Collection entries:
++++++++

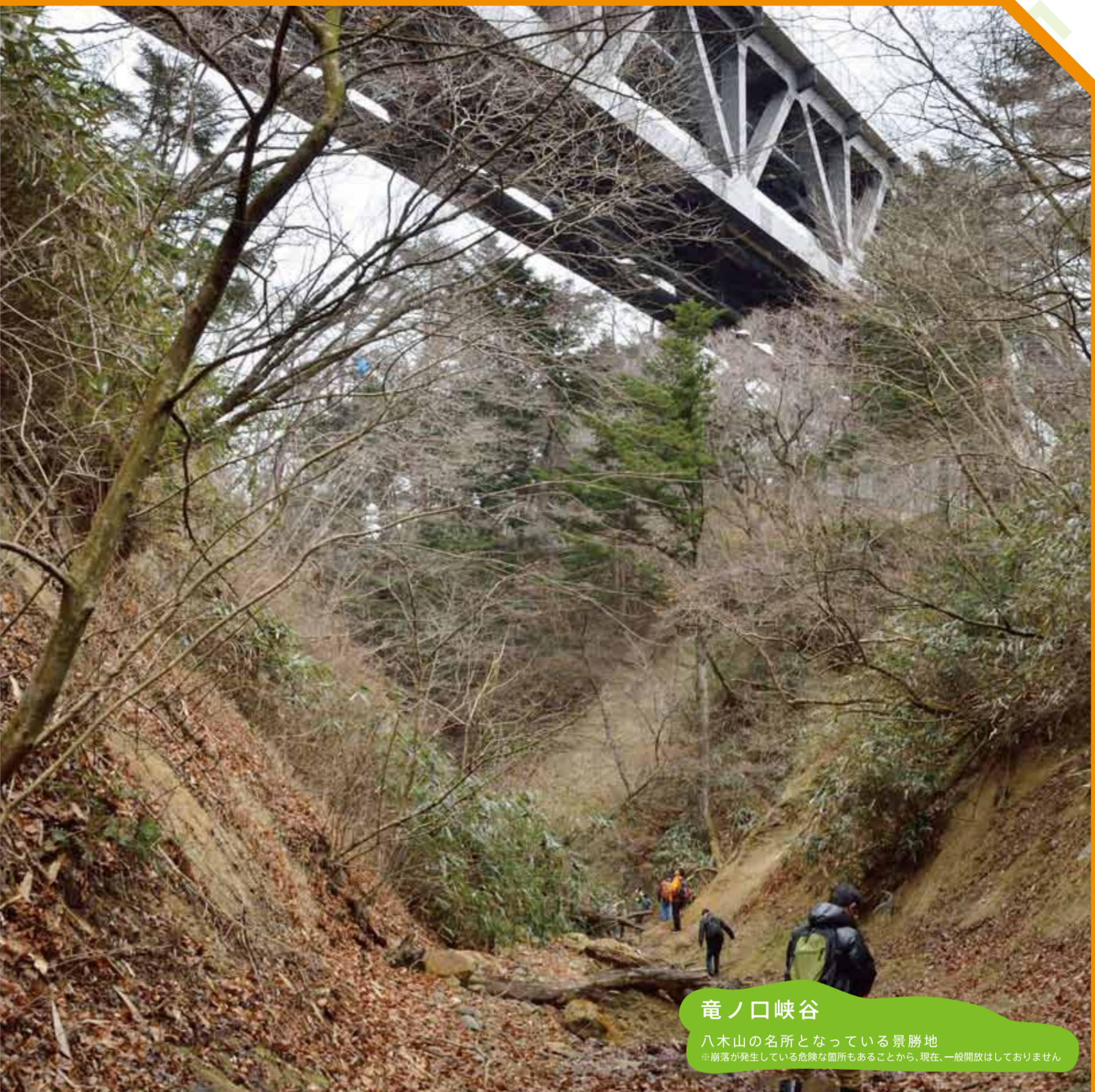
竜ノ口峡谷 八木山の名所となっている景勝地 ※崩落が発生している危険な箇所もあから、現在、一般開放はしていません
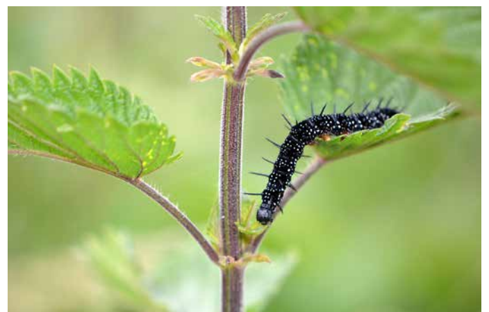
Brennnessel ( Urtica dioica )

Heimische Rosen sind nicht nur eine sehr gute Nektar- und Pollenquelle, sondern auch eine Augenweide. Nicht nur der Rosenkäfer, sondern auch viele andere Arten nutzen die Blüten und auch die Hagebutten.
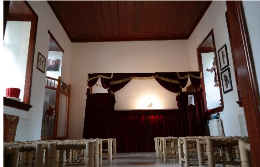
Şekil 4.75. Gösteri sanatları bölümü

Gösteri Sanatları bölümünde Karagöz, Orta Oyunu ve Meddahlık geleneği anlatılmaktadır. Ayrıca, Karagöz Oyunu da oynatılmaktadır. Ziyaretçiler isterler ise “Hayali” ve “Yardak” olmayı deneyimleyebilmektedirler. Meddah, canlandırma teknikleri ve kostümüyle, ziyaretçilere hikâyeler anlatmaktadır (Şekil 4.75).
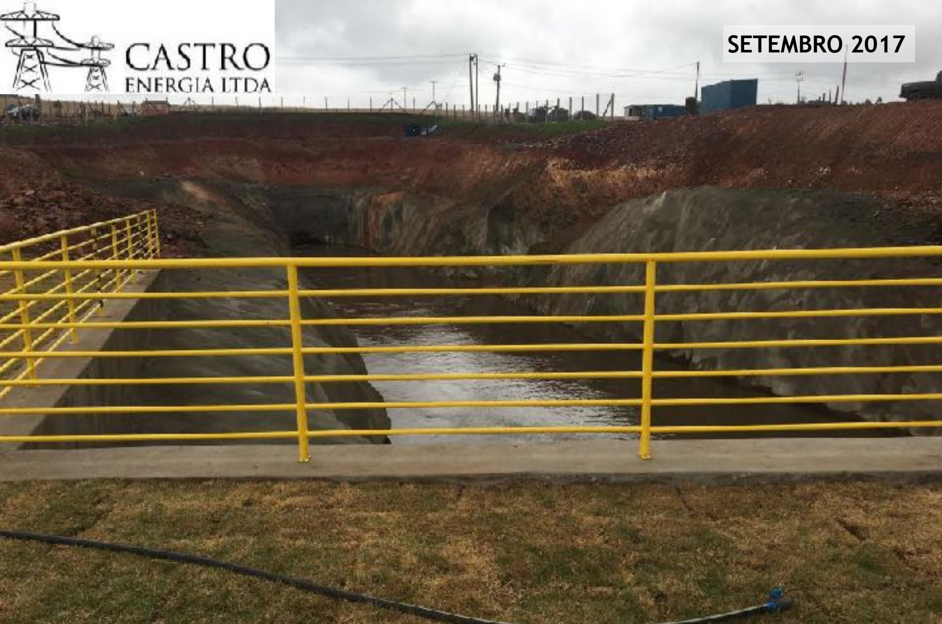
CANAL ADUTOR TRECHO ENTRE O DESEMBOQUE E A TOMADA D'ÁGUA
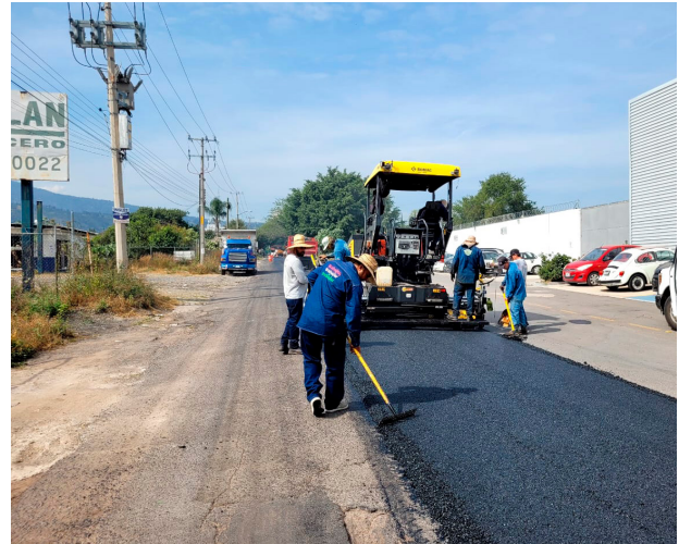
FOTO: Mantenimiento vial

Las actividades realizadas consistieron en servicios de mantenimiento superficial, preventivo y correctivo del pavimento, asegurando que las calles sean espacios seguros y cómodos tanto para las personas mayores como para la ciudadanía y transeúntes del municipio.
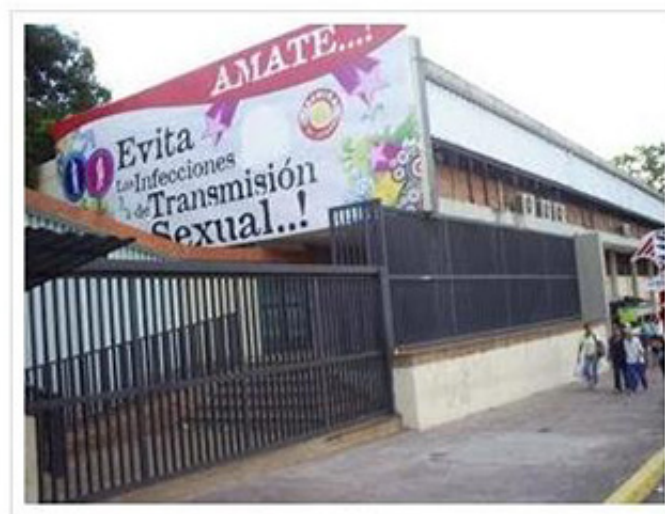
Imagen 2: Ciberbitácora Portal Medeco
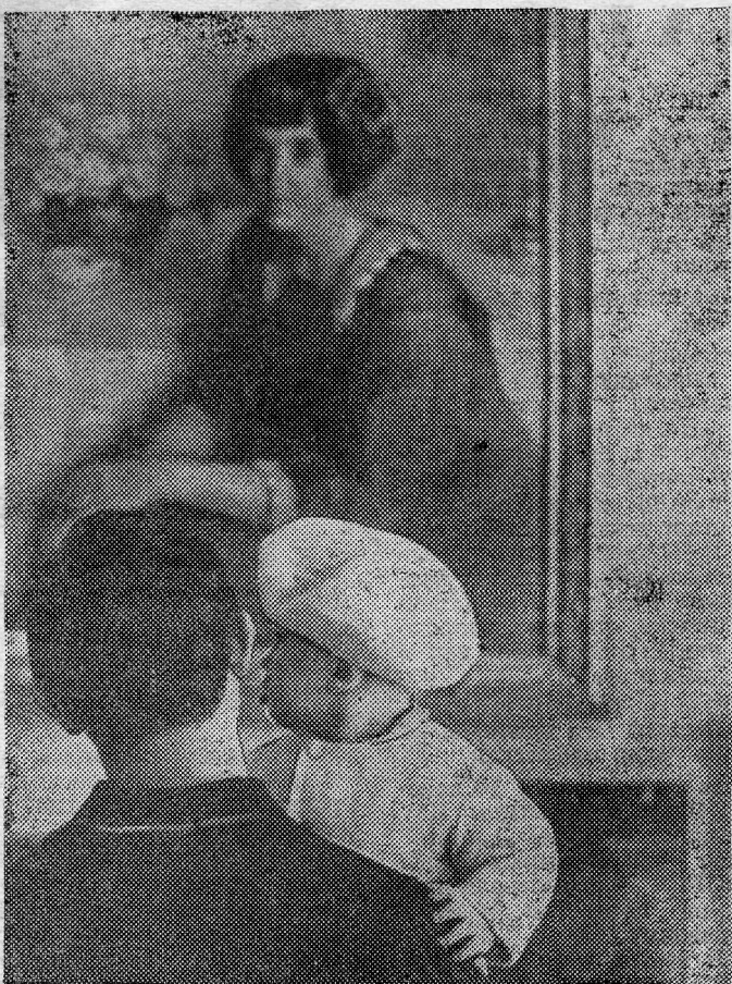
«Первое знакомство с искусством...»
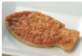
商品番号：211002 サバの照焼き 391円(税込) 1食分●67g/128kcal/塩分1.1g
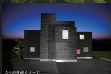
A号地外観イメージ

所在地: 豊中市東豊中町2丁目6-47 ◇交通: 大阪モノレール「少路」駅徒歩10分/北大阪急行線「千里中央」駅徒歩20分 ◇地目: 宅地 ◇用途地域: 第1種低層住居専用地域 ◇建ぺい率: 40% ◇容積率: 80% ◇土地面積: A/247.60㎡、B/300.50㎡、C/300.05㎡ ◇参考価格: A/商談中、B/9,300万円、C/9,800万円 ◇総区画数: 5区画 ◇販売区画数: 2区画 ◇取引形態: 事業主(売主) ◇広告有効期限: 令和1年12月末 ※販売中につき広告配布時に成約済となっている場合がございます。ご了承ください。
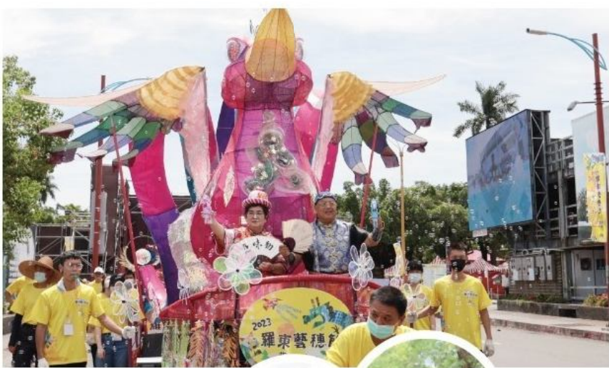
藝遊節的主題花車。

開幕晚會邀請高人氣的紙風車劇團演出《諸葛四郎》大戰魔鬼黨，帶給大人小孩歡樂；藝德益街舞大賽，年輕人的活力四射；中山公園：A劇團表演《阿卡的兒歌大冒險—環島篇》，掀起滿場歡笑。 最後一天精彩的一「藝遊味勁」由社區、學校、團體與遠道而來的姊妹市西都太鼓、神轎隊輪流演出，大家精心打扮，透過定目劇演繹社區故事，共同打造夏日慶典的金字招牌；周邊活動也很豐富，包含傳統市場巡禮、童話故事屋、DIY體驗、文藝市集、拼圖計時賽、手沖咖啡體驗、愛心99扭蛋機等。 根據中華電信大數據統計，十五天活動的參加人數約四十八萬二千三百六十九人次，其中國際觀光客三千九百五十一人次；產業連結推出愛心99扭蛋機，募集發票做愛心，共募集五千三百七十五張發票，帶進一百一十五萬八千七百七十六元商機，成功活絡在地觀光，並幫助公益團體，落實社會責任。
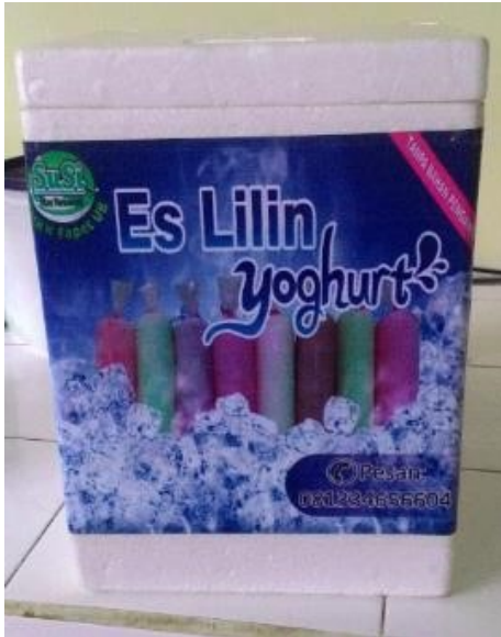
Gambar 8. Alat Pemasaran Es Lilin
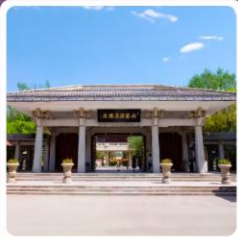
อุทยานประวัติศาสตร์จิ่วจ้วน
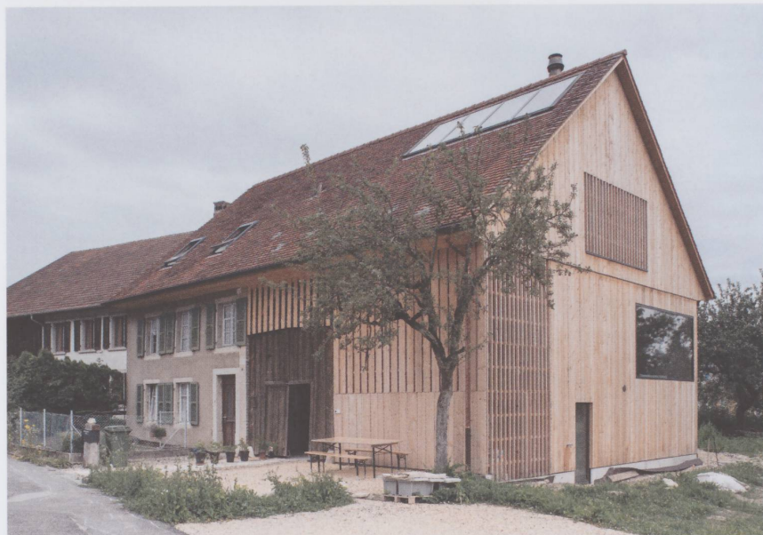
Figure 3 : Maison Vitalba rénovée, façade côté rue.
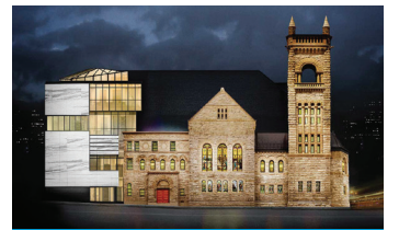
PAVILLON Claire et Marc Bourgie ART QUÉBÉCOIS ET CANADIEN

1 Les Salons de la Belle Époque Avant-gardes modernes Abstraction et figuration Art contemporain Accès aux autres pavillons
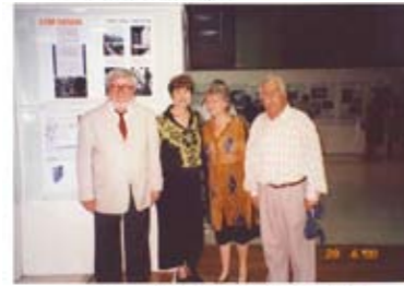
2015 ブルガリア、ソフィア市長訪問
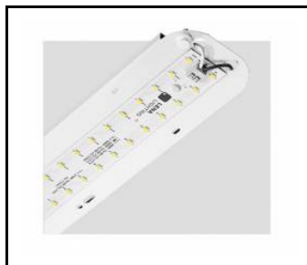
TYTAN MULTI LED 1150mm 5000-8700lm 840 - Lichtmodul (358944)
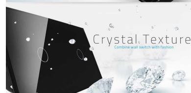
Crystal Texture Combine wall switch with fashion
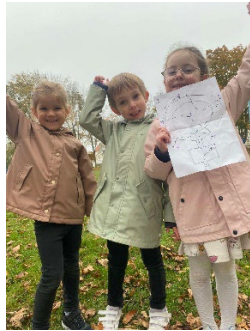
« La carte au trésor »
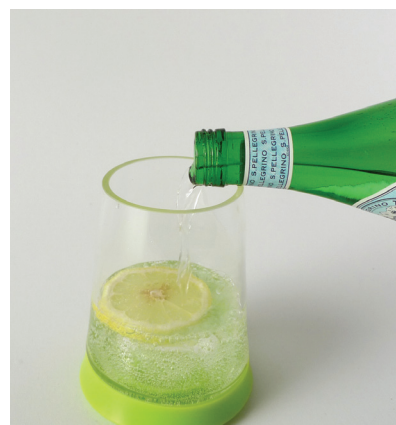
冰涼的飲料與美酒令人垂涎欲滴
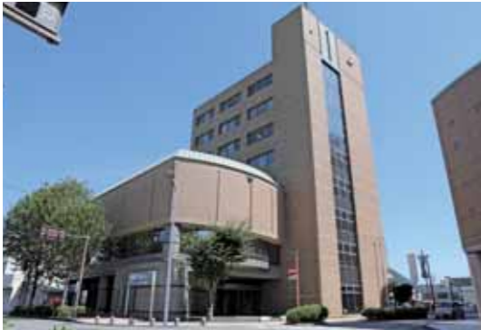
▲西脇商工会議所が入る西脇経済センタービル
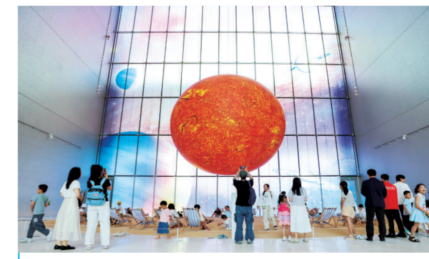
观众在深圳国际美术馆内参观。5月30日,深圳国际美术馆正式面向公众开放。开馆首展推出六大主题艺术展览及一个国宝级文物展。深圳国际美术馆位于深圳市光明区,是集学术研究、展览策划、公共教育、艺术收藏与国际交流于一体的综合性艺术展示交流平台。

6月21日,夏至。入夜之后,北斗七星高挂北方天空,斗柄大致指向正南,轮廓清晰醒目。我国自古便有“斗柄南指,天下皆夏”的民谚,这是古人抬头观天总结出的自然规律,也得到现代天文学的印证。

++++++++

▸ Required action: Set down exactly, and only, the lines from the one containing "TYTAN MULTI LED" through the last line of the entries. Pictures do not belong in the copy.

▸ Finished task:
TYTAN MULTI LED 1150mm 5000-8700lm 840 - Lichtmodul (358944)
Crystal Texture Combine wall switch with fashion
« La carte au trésor »
冰涼的飲料與美酒令人垂涎欲滴
▲西脇商工会議所が入る西脇経済センタービル
观众在深圳国际美术馆内参观。5月30日,深圳国际美术馆正式面向公众开放。开馆首展推出六大主题艺术展览及一个国宝级文物展。深圳国际美术馆位于深圳市光明区,是集学术研究、展览策划、公共教育、艺术收藏与国际交流于一体的综合性艺术展示交流平台。

6月21日,夏至。入夜之后,北斗七星高挂北方天空,斗柄大致指向正南,轮廓清晰醒目。我国自古便有“斗柄南指,天下皆夏”的民谚,这是古人抬头观天总结出的自然规律,也得到现代天文学的印证。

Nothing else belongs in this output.